Las Vegas has been paid back in spades for that gamble, as Bowers was a First-Team All-Pro as a rookie and quite dominant amid all of the dysfunction when healthy last season as well. He is arguably the best tight end in the entire league and will soon be paid as such.

But Bowers cannot be extended until the conclusion of his third season, which means that the Silver and Black will have to wait before locking up their star pass-catcher. And the longer they are forced to sit idly by, the more the market gets driven up by other teams and players around the league.

It happened again on Tuesday with Kyle Pitts.

Kyle Pitts' Falcons extension just made Las Vegas Raiders TE Brock Bowers even more expensive

ESPN's Adam Schefter reported that Pitts and the Atlanta Falcons agreed to terms on a contract extension. It is a three-year deal worth up to $54 million with $36 million guaranteed. Essentially, Pitts is making $18 million per year, and the first two years of the contract are guaranteed.

This makes Pitts the third-highest paid tight end in the NFL in terms of both average annual value and total contract value, just behind the Arizona Cardinals' Trey McBride and the San Francisco 49ers' George Kittle, who are making $76 million and $76.4 million over four years, respectively.

Here's the kicker, though: Bowers is way better than Pitts, and he certainly has an argument that he's better than McBride or Kittle. At least as a pass-catcher, anyway. With that in mind, the Raiders' eventual contract extension will now certainly cost more than $18 million per year.

Between his age and prowess as a blocker, McBride is really the league's only tight end who could feasibly cost more than Bowers.
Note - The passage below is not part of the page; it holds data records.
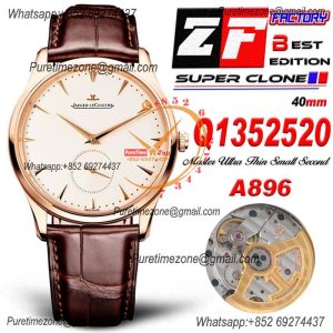 Master Grande Ultra Thin Date Q1288420 A899/1 Automatic Mens Watch Best Edition ZF V3 RG Silver Dial Brown Leather CHS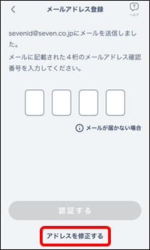 ・Myセブン銀行(スマートフォンアプリ)からの振込み:確認番号入力画面で「アドレスを修正する」を押下し、正しいメールアドレスを入力してください。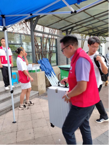 清晨坚守,尽职尽责。清晨8点,党员教师们便已准时到岗,在新生报到处、宿舍区等点位严阵以待,以饱满的热情迎接每一位新同学。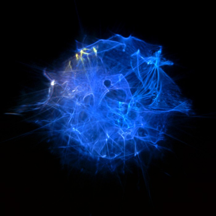 A complex refraction pattern of a beam of light passing through a piece of formed plastic. Coloured dyes have been added to the hardening plastic which increase its complexity. The refraction pattern is captured directly on to colour reversal film as a colour 'photogram'.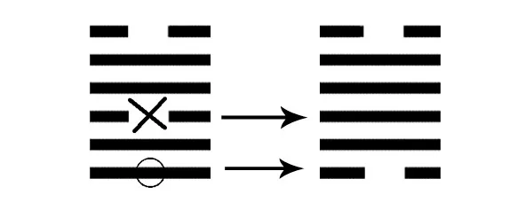Каждая гексаграмма может пребывать в состоянии перемен – а это значит, что она может изменяться, переходить из одного состояния в другое, и становиться новой гексаграммой. В этом случае Ян становится Инь, и, наоборот, Инь становится Ян. Линии меняются, и возникает новая гексаграмма, как результат происходящих перемен.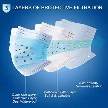 Show moreIntroducing the Hotodeal 50 Pcs Disposable Face Masks, a premium solution for breathability and comfort in essential health and daily activities. These masks are crafted from high quality non-woven fabric, featuring a unique three-layer design that ensures optimal protection without compromising on comfort. The outer layer offers waterproof properties to shield against moisture, while the middle layer effectively stops particles, and the inner layer absorbs moisture from your breath, keeping you dry and comfortable throughout the day. With dimensions of 6.8 inches in length and 3.7 inches in width, these masks fit most adult faces securely, thanks to the adjustable metal nose clip bridge and soft, elastic ear loops that provide focused support without irritation.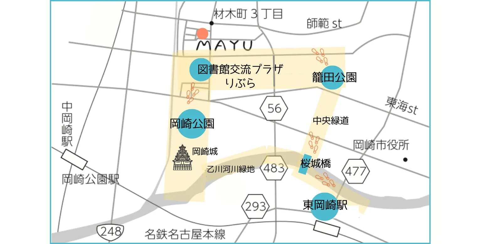 岡崎市は国土交通省から「新しいまちづくりのモデル都市」に選定されており、ウォーカブルシティの構築を掲げており、歩いてまちを楽しむことのできる施策を進めています。MAYUは、岡崎城や美しい自然が広がる岡崎公園から徒歩5分。この区域の中央図書館や絵本専門店があり、歴史的風情のある文化的なエリアに立地しています。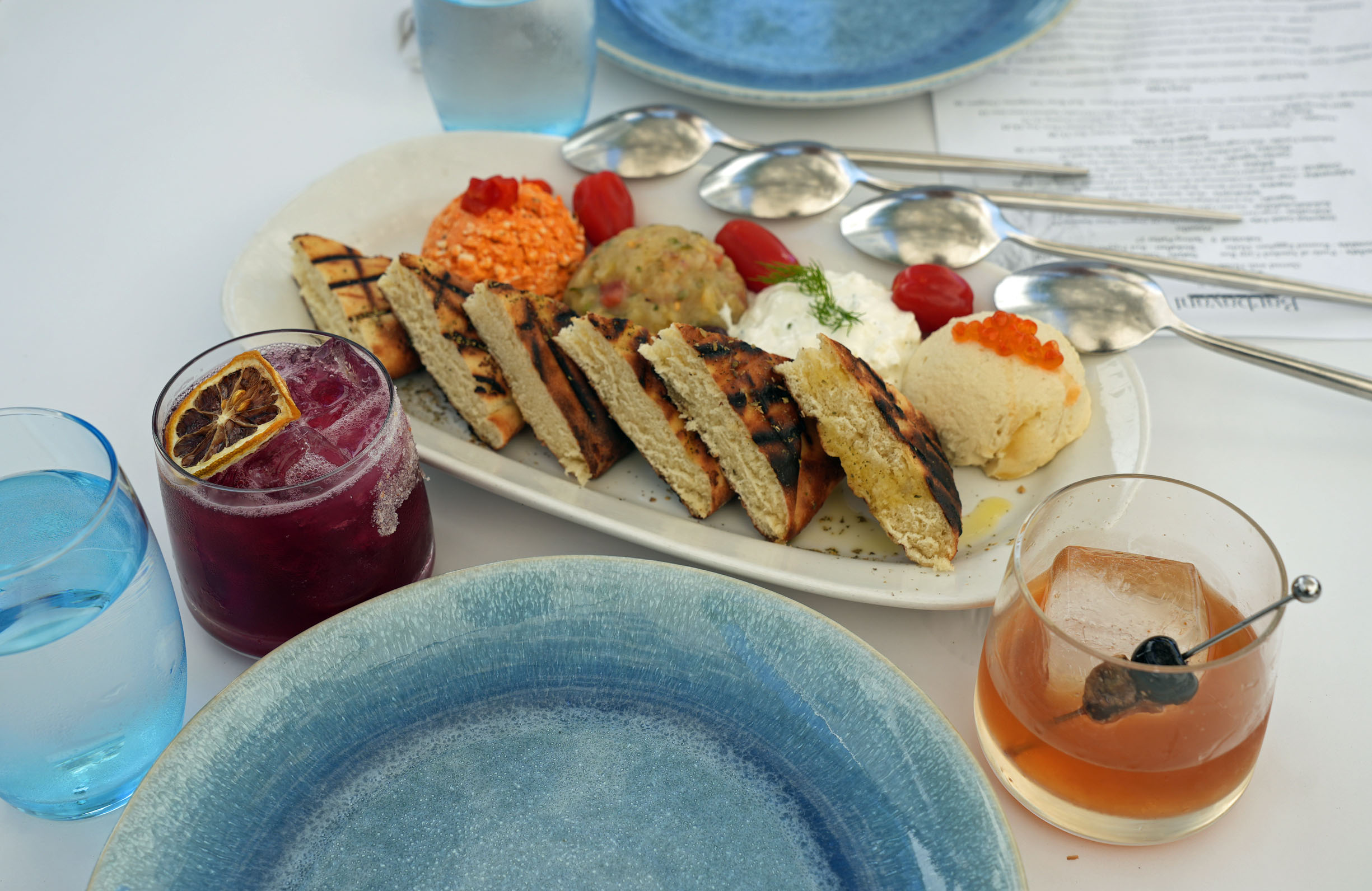 Always start with Barbayani Pikilia—an assortment of traditional appetizer dips served with a house-made pita bread. It includes Taramosalata—puree of smoked carp roe, Tzatziki—cucumber and dill yogurt sauce, Melitzanosalata—roasted eggplant with herbs, and Triokafteri—red pepper with feta cheese and garlic.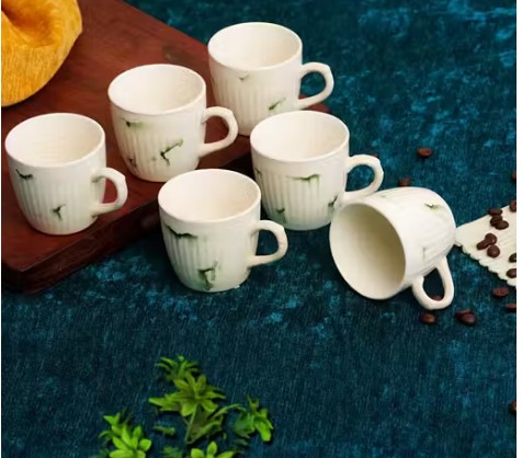 Private Label Ceramic Tea Coffee Milk Cups Latest White Checkered Pattern pack of 6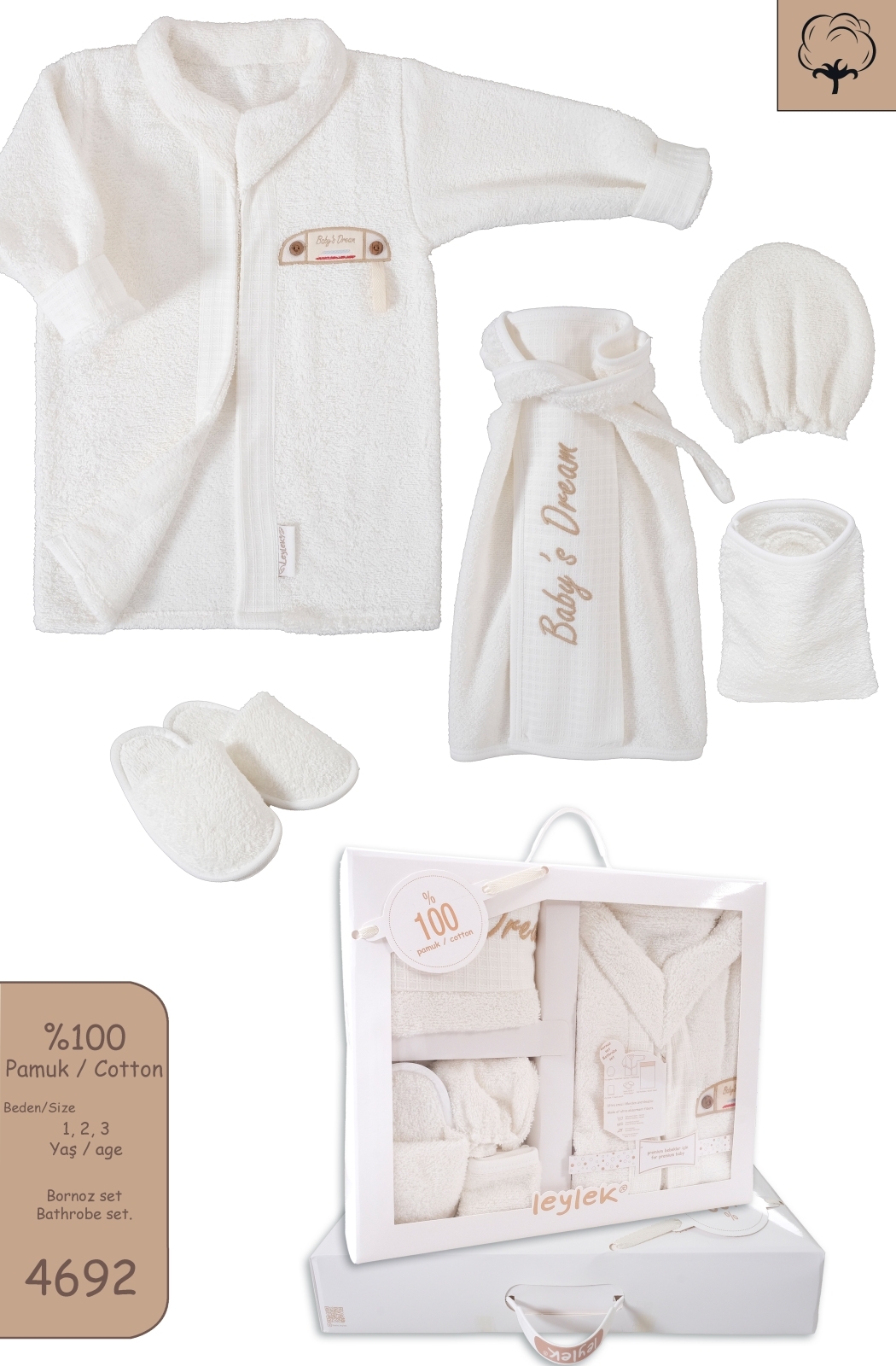 UNISEX 3/3 YAŞ BORNOZ SET EKRU DÜĞMELİ

Kittle did barely reset the market after McBride, but Bowers should eventually shatter that $19.1 million per year number if he stays on course.

If Las Vegas was thinking that they could sneak Bowers in slightly under his value, though, the Pitts contract changes that complexion. Previously, the next-highest paid tight end in the NFL was the New York Giants' Isaiah Likely, who makes an average of $13.3 million over three years.

Green Bay Packers stud Tucker Kraft and young Detroit Lions star Sam LaPorta are two of the league's best tight ends as well, and they are due for bigger deals at some point this season, too. How and when those deals get done, and what they look like, will also affect Bowers and the Raiders.

For now, though, the canyon between the duo of McBride and Kittle and the rest of the league has narrowed after the Pitts deal. Bowers stands to benefit from that jump, as he'll now certainly make more than $18 million per year when he eventually signs his extension if all goes well in Las Vegas.